A 75-year-old female with moderate malnutrition is status-post radical cystectomy with ileal conduit. She weighs 50kg, and she has a 20-gauge IV access in the left cephalic vein. She is initiated on a peripheral parenteral nutrition (PPN) solution at 125ml/h. This formula contains 210 grams of dextrose, 75 grams of amino acids, and 45 grams of IVFE. Which of the following complications is she at greatest risk for developing? 1: Fluid overload 2: Hypertriglyceridemia 3: Azotemia 4: Hyperglycemia

1: Fluid overload Current guidelines for adults recommend the following maximum amounts for PN components: 30-40 mL/kg/day of fluid, 7 g/kg/day of carbohydrates, 2.5 g/kg/day of fat, and 2 g/kg/day of protein. This formula provides 60 mL/kg/day which exceeds recommended maximum daily fluid intake. PPN has to be administered in larger volumes to provide beneficial calories while avoiding venous access compromise (phlebitis, thrombosis, thrombophlebitis, extravasation). Patients that receive PPN must have good peripheral access, the ability to tolerate large volumes of fluid, and a contraindication to central venous access. PPN should be administered for at least five days with no more than two weeks of total therapy. Contraindications for PPN include significant malnutrition, severe metabolic stress, large nutrient or electrolyte needs, fluid restriction, greater than two week need for PN support, and renal and liver compromise.

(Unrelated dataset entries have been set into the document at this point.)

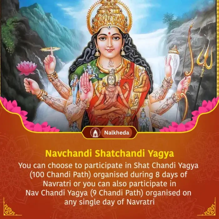 नलखेड़ा में नवचंडी और सतचंडी यज्ञ देवी दुर्गा और उनके नौ रूपों को समर्पित एक अत्यंत शुभ वैदिक अग्नि अनुष्ठान है। नलखेड़ा के विशेषज्ञ पंडितों द्वारा संपन्न इस यज्ञ में दुर्गा सप्तशती मंत्रों का जाप, हवन और समृद्धि, सुरक्षा, स्वास्थ्य और विघ्नों पर विजय हेतु दिव्य आशीर्वाद हेतु आहुतियाँ अर्पित की जाती हैं। महाकालेश्वर ज्योतिर्लिंग के निवास, आध्यात्मिक नगरी नलखेड़ा से कुछ ही दूरी पर स्थित नलखेड़ा में नवचंडी या सतचंडी यज्ञ करने से इसकी शक्ति बढ़ती है और शांति, सकारात्मकता और आध्यात्मिक उत्थान प्राप्त होता है।
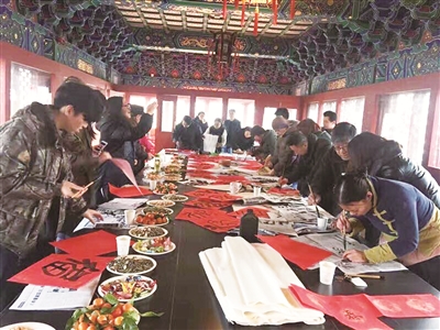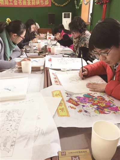 不光是自己的职工活动丰富,整个北京市文物局系统,都知道石刻馆工会有一个书画俱乐部,这个俱乐部不光本馆职工是会员,全系统职工都可以来参加书法、篆刻活动。李仓均介绍,为了丰富俱乐部活动内容,吸引更多会员参加,工会委员会将文创部设计人员改为俱乐部牵头人,结合本馆特色,适时开展“五福石”拓片、“石头上作画——会说话的石头”、“画年画”“画脸谱”“传统风筝、灯笼制作”等活动。
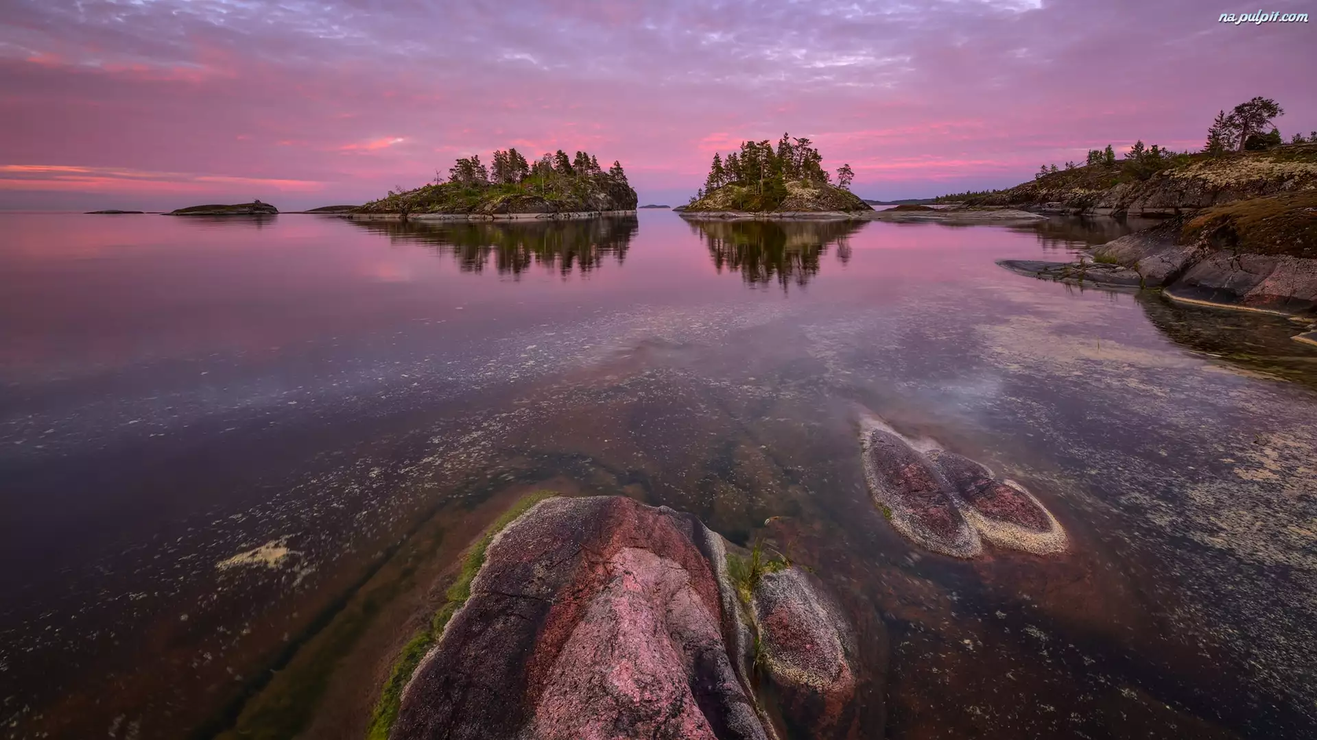 Jezioro Ładoga, Wysepki, Niebo, Rosja, Zaróżowione, Drzewa, Skały
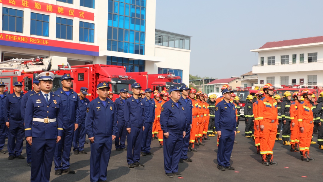 10月28日,株洲市渌口区南洲消防救援站举行驻勤揭牌仪式,区委书记李晓彤,市消防救援支队党委书记、政治委员谷小波出席。
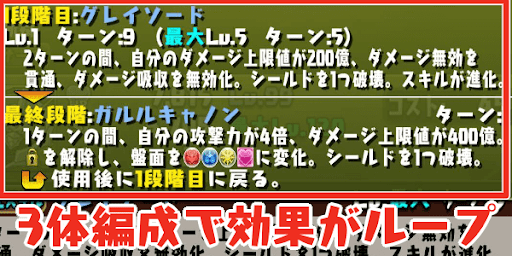 グレイソード→ガルルキャノン1段階目:2ターンの間、自分のダメージ上限値が400億、ダメージ無効を貫通、ダメージ吸収を無効化。シールドを1つ破壊。スキルが進化。(9→5)最終段階:1ターンの間、自分の攻撃力が4倍、ダメージ上限値が600億。ロックを解除し、盤面を火水光回復に変化。シールドを1つ破壊。使用後に1段階目に戻る。(1→1)
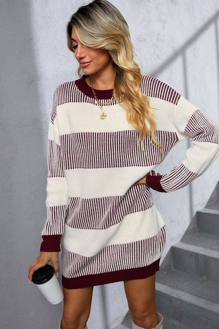 Flying To The Moon Striped Drop-Sleeve Sweater Dress
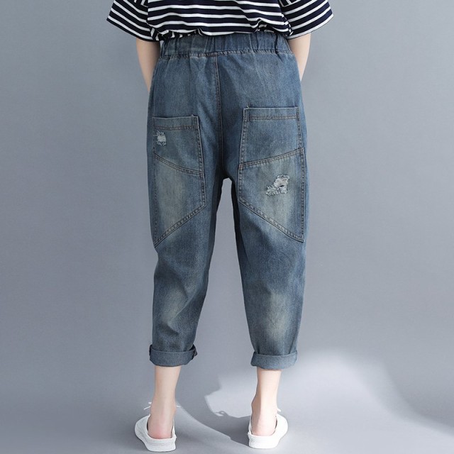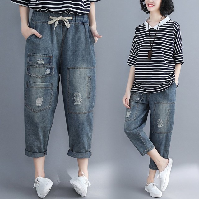春夏新作 レディース デニムパンツ ガウチョ ワイドパンツ 九分丈ジーンズ ボトムス レディース サルエルパンツ ダメージ加工 ウエストゴム 大きいサイズ
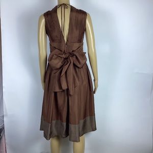 Beautiful 100% silk brown sleeveless fit & flare dress with multiple pleats. Deep V at front & back neckline, & a large belt which ties into a bow at back. Contrasting taupe hem. Size 2. Length from shoulder 40”. Armpit to armpit laying flat 15”. Waist laying flat 13.5”.
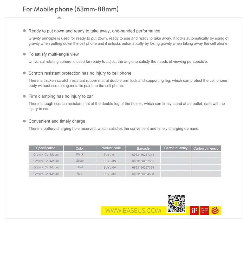 Feature 7:Gratity Car Mount Holder, For iPhone Holder, Car Mobile Holder
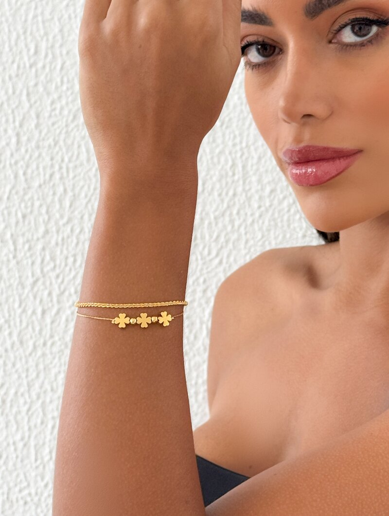 3. Pulseira Folheado a Ouro 18k Dois Fios Cordão Torcido e Flores
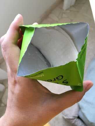 - упаковка вскрывается по промышленно надрезанному шву. Упаковку следует держать прямо, чтобы не разбрызгать жидкость из пакета.

A 70-kg adult patient receiving PN providing 3000 kcal/day presents with mild to moderate elevations of serum aminotransferases and mild elevations of bilirubin and serum alkaline phosphatase. This patient is most likely exhibiting what type of PN-associated liver disease (PNALD)? 1: Hepatic steatosis 2: Cholestasis 3: Gallbladder sludging 4: Fulminant hepatic failure

1: Hepatic steatosis Although the relationship between PN and liver disease has been established, its prevention and treatment remain a relevant clinical dilemma. Often, the etiology of PNALD is multifactorial and diligence is required to identify and treat causative factors. There are 3 basic types of hepatobiliary disorders associated with PN: steatosis, cholestasis, and gallbladder sludging (stones). Hepatic steatosis generally occurs in adults and presents with mild elevations in aminotransferases, serum alkaline phosphatase, and bilirubin concentrations. This particular type of hepatobiliary disorder is most often a complication of overfeeding. Cholestasis, occurring primarily in children, is characterized by impaired biliary secretion. Elevated conjugated bilirubin levels are the most common laboratory manifestation in this population. Finally, gallbladder sludging or stones is thought to result from the lack of enteral stimulation in the GI tract and occurs with long-term PN use. In this question, this adult patient is receiving an inappropriately high amount of calories (overfeeding) and has the accompanying lab values consistent with hepatic steatosis.

Hyperglycemia is associated primarily with what type of sodium/fluid imbalance? 1: Hypertonic hyponatremia 2: Hypotonic hyponatremia 3: Isotonic hypernatremia 4: Hypertonic hypernatremia

1: Hypertonic hyponatremia Hypertonic hyponatremia may result from hyperglycemia or administration of hypertonic sodium free solutions. Hyperglycemia causes a shift of water out of cells into the extracellular space, resulting in dilution of serum sodium. For every 100 mg/dL increase in serum glucose concentration above 100 mg/dL, the serum sodium would be expected to decrease by approximately 1.6 mEq/L. Treatment should consist of correction of the underlying hyperglycemia, not changes in sodium and water administration, as this is not a true sodium or water imbalance.

What feature of a Groshong® Central Venous Catheters reduces the risk of catheter occlusion? 1: Pressure sensitive three-way valve 2: Large lumen(s) size 3: Heparin coated tip 4: Soft grade medical silicon tubing

1: Pressure sensitive three-way valve A Groshong CVC has a three-position, pressure-sensitive valve that restricts blood backflow and air embolism by remaining closed when not in use. When the valve is closed it prevents blood from entering the CVC and clotting. This eliminates the need for heparin flushes to maintain catheter patency, but the CVC should be flushed with normal saline after medication administration or blood aspiration to ensure the valve is in the closed position.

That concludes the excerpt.